ADICT at the Population Level
In the above analyses, we studied gene-wise evolutionary conservation using inter-species divergence data, which capture the accumulated impact of purifying selection in the long-term. This can be more powerful than estimates of evolutionary conservation based on intra-species polymorphism, because the latter reflects the impact of negative selection only in the short-term. Still, work on human data within the last decade has suggested that age-related variation in purifying selection can shape functional polymorphism levels (Rodríguez et al. 2017). This motivated us to study the conservation difference between old-biased and young-biased genes at the population level in mice. For this, we utilized publicly available population genetics data from seven different wild populations of house mice from North America and Europe, and calculated gene-wise Tajima's D scores, where negative values indicate an excess of singletons, which can be caused by purifying selection. We then compared young-biased and old-biased genes identified in the mice astrocyte dataset, which revealed a modest difference, with young-biased genes showing a trend of lower Tajima's D values (i.e. more singletons) than old-biased genes (Fig. S8). Using young-biased and old-biased genes calculated using cerebellum and hypothalamus data and Tajima's D values calculated using combining all populations, we found a statistically significant difference (Mann–Whitney U test P-values < 0.05) in both regions (Fig. S8). We also observed statistically significant lower values in young-biased genes for Florida, New Hampshire/Vermont, and Virginia populations for cerebellum and Florida population for hypothalamus, with the rest of the comparisons not reaching statistical significance (Fig. S8). This suggests that the ADICT effect can also be captured at the population level, although the signal is weaker compared to using inter-species conservation metrics.
Discussion
Our results indicate ADICT as a common phenomenon across diverse metazoan taxa with classical senescence patterns, i.e. increased mortality with age. Lower conservation of old-biased genes was previously reported in primate and rodent tissues (Somel et al. 2010; Jia et al. 2018; Turan et al. 2019), as well as whole-body transcriptomes of Diptera (Cheng and Kirkpatrick 2021). We now add birds and fruit flies to the list of taxa in which ADICT has been observed at the tissue level. Interestingly, we also observe low sequence conservation among old-biased genes in three tissues of the extreme long-lived naked-mole rat, even though the lack of biological replication in this dataset means that this result is only tentative. Together, our findings support a widespread role of the selection shadow, or drift, in shaping organismal senescence.

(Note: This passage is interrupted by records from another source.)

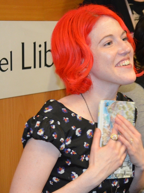Cuando se acabó el turno de preguntas, todos los que estábamos en la sala nos pusimos en pie para que nos firmara nuestros libros. Como queríamos tenerla solo para nosotros (somos unos acaparadores), nos esperamos hasta el final para ponernos en la cola. Cuando por fin nos llegó el turno, aprovechamos para regalarle una libreta de recuerdo de Barcelona, con dedicatorias de algunos de nosotros. Por su sonrisa, parece que le gustó mucho.
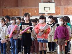 | 今年、一番関わりの深かった1年生の発表です。かわいらしく、また、感謝の気持ちの詰まった発表に、6年生の表情も素敵なものに見えます。「自分たちも6年生みたいに立派になりたいです」というメッセージにぐっときたのではないでしょうか。 | |
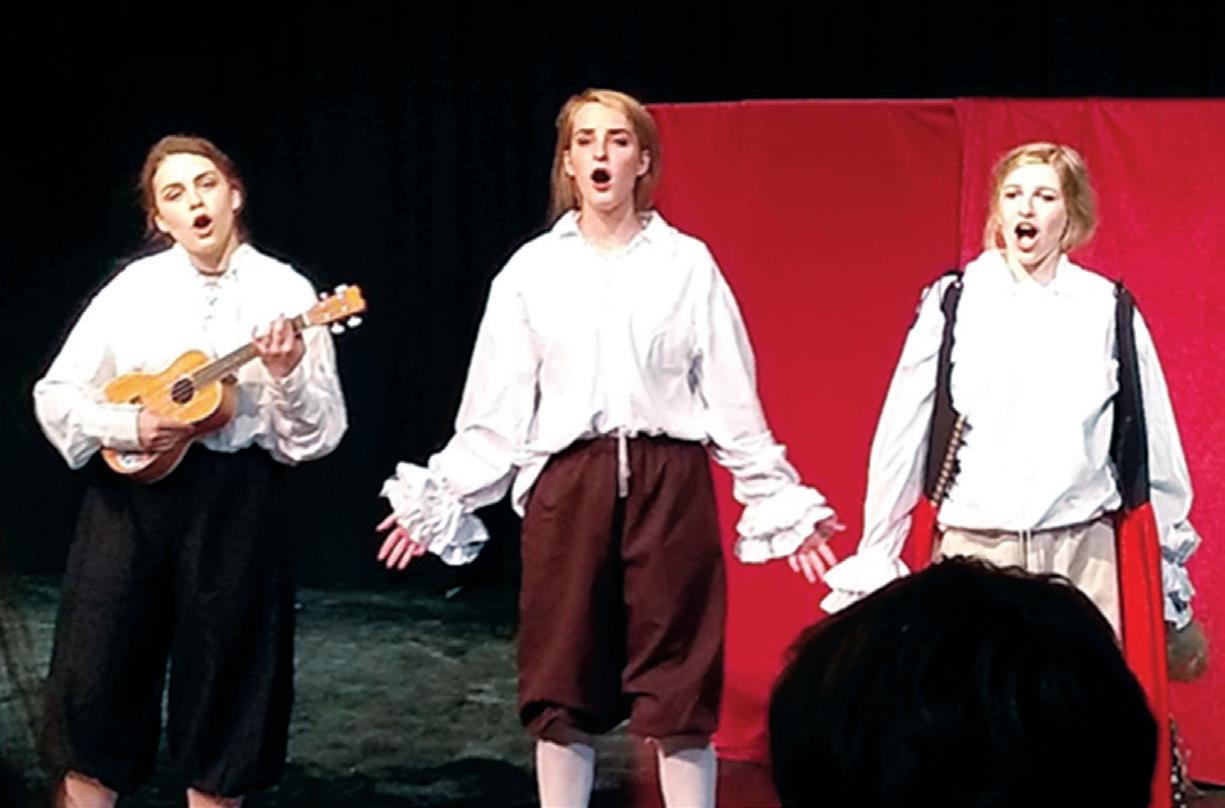 CURTAIN CALL In a performance of “The Complete Works of William Shakespeare (Abridged)” on April 12, senior Alexandra Everbach, sophomore Madison McCoy and junior Gracey Thomas run lines at ISAS. The play was a comedic take on the works of the famous author. “It was my first time in my high school theatre career that we had done a one-act at ISAS,” Everbach said.
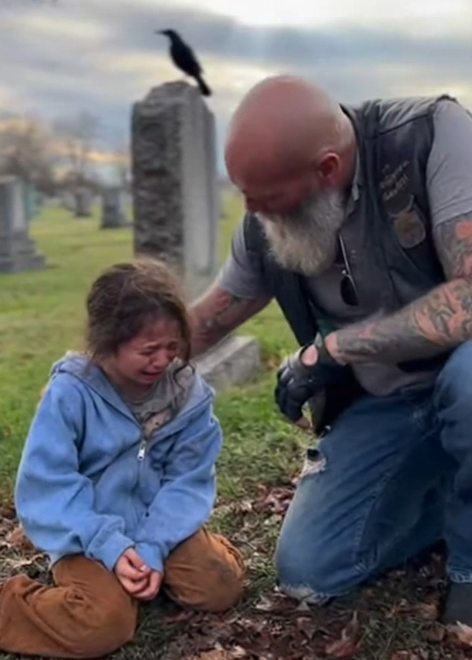 The biker didn’t shout across the grounds. He didn’t rush toward her or wave his arms. He walked calmly, stopping a few steps away so he wouldn’t startle her.
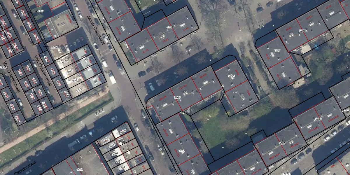 Het adres ligt op het perceel GVH22-AE-5204, dat zich in de kadastrale gemeente 's-Gravenhage bevindt. Het perceel is met 768 m² relatief groot. Het gemiddelde ligt in de kadastrale gemeente 's-Gravenhage op 493,72 m². De grootste perceeloppervlakte in de kadastrale gemeente is 9,7 ha. De kleinste oppervlakte bedraagt 1 m². Op het perceel liggen in totaal 17 adressen. De laatste wijziging in het de Basisregistratie Kadaster (BRK) was op 17-01-2005.
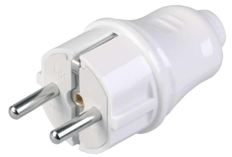 Вилка прямая ВПп10-01-Ст разборная с заземл. контактом 16А бел. IEK EVP10-16-01-K01
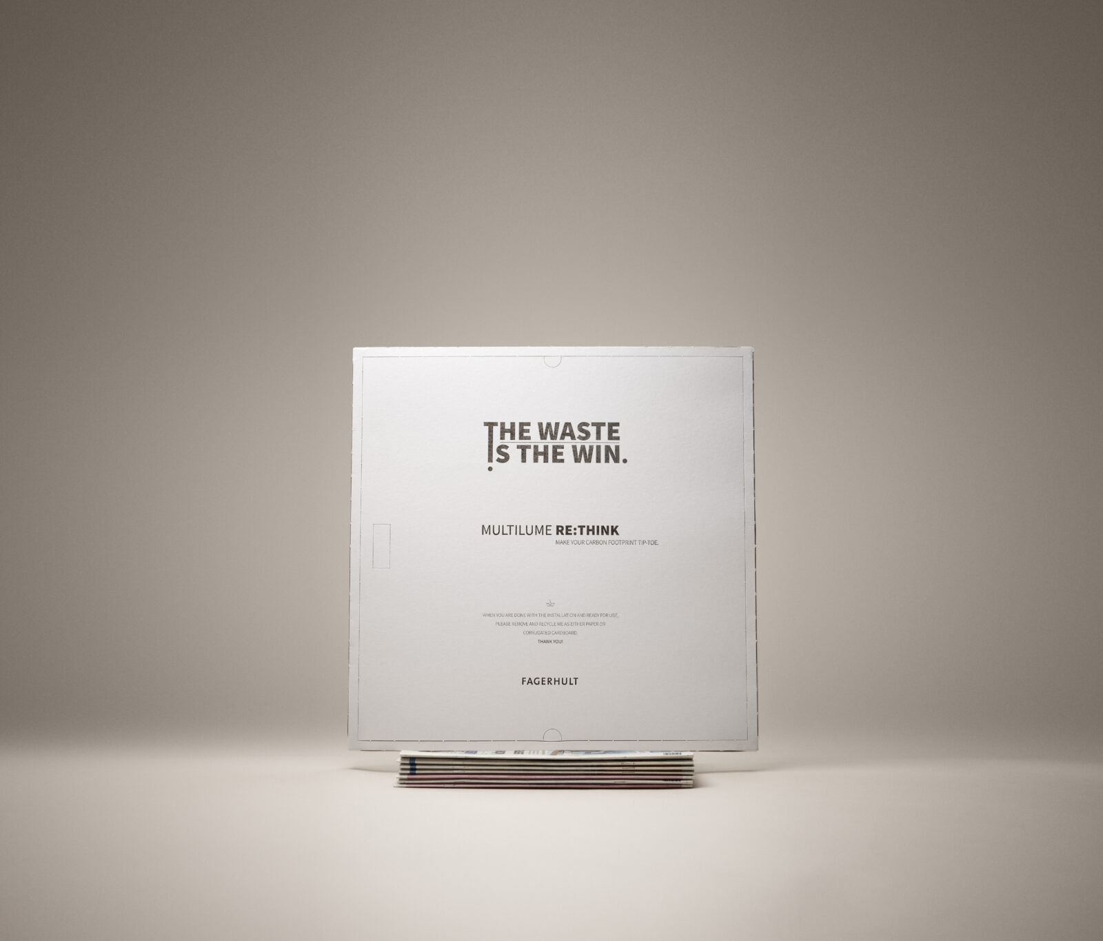 En självklar ersättare till de takarmaturer som förekommer i snart sagt varje större kontor. Multilume Re:Think bidrar till att givna parametrar ställs på ända och pekar på behovet av en omstart. Fagerhult initierade armaturen för ett mer resurssnålt och klimatvänligt utbud, med utgångspunkt från företagets tio mest sålda produkter. Tanken är att förändra både tillverkning och transporter i grunden.
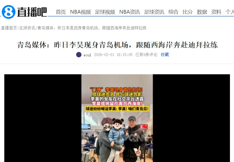 此外,青岛新闻网最新报道,1月31日,李昊现身青岛机场,跟随青岛西海岸奔赴阿联酋迪拜拉练,更加证实了新赛季留在球队,暂时不会前往欧洲留洋。
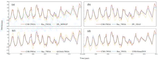 Time series of each daily TWSA product and CSR–TWSA; (a) time series of CSR–TWSA, reconstructed TWSA and JPL_MSWEP; (b) time series of CSR–TWSA, reconstructed TWSA and JPL_ ERA5; (c) time series of CSR–TWSA, reconstructed TWSA and GLDAS-TWSA; (d) time series of CSR–TWSA, reconstructed TWSA and ITSG-Grace2018.
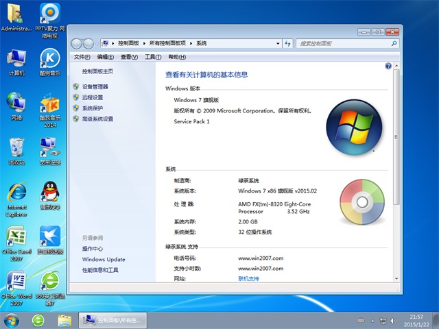 绿茶系统 Ghost Win7 SP1 x86 旗舰装机版 2015.02

We further show that average transcriptome conservation levels are highly variable between different cell types, at least in the mouse. This result echoes observations on varying conservation levels among mammalian tissues (Khaitovich et al. 2005; Kryuchkova-Mostacci and Robinson-Rechavi 2015). Neurons show highest transcriptome conservation among the 44 mouse cell types analyzed here, which parallels strong conservation of brain-expressed genes observed in these earlier studies, possibly due to sensitivity of neural cells to proteotoxicity (Drummond and Wilke 2008). Immune cells tend to show weak conservation, which may be partly attributable to the relatively high rates of positive selection pressure on immune-related genes [e.g. The Chimpanzee Sequencing and Analysis Consortium 2005]. Although these results are not surprising, they point to the difficulty in interpreting ageing-related transcriptome changes and ADICT signals at the bulk tissue and/or whole body level, given ageing-related changes in cell type composition with age [e.g. (Tabula Muris Consortium 2020)].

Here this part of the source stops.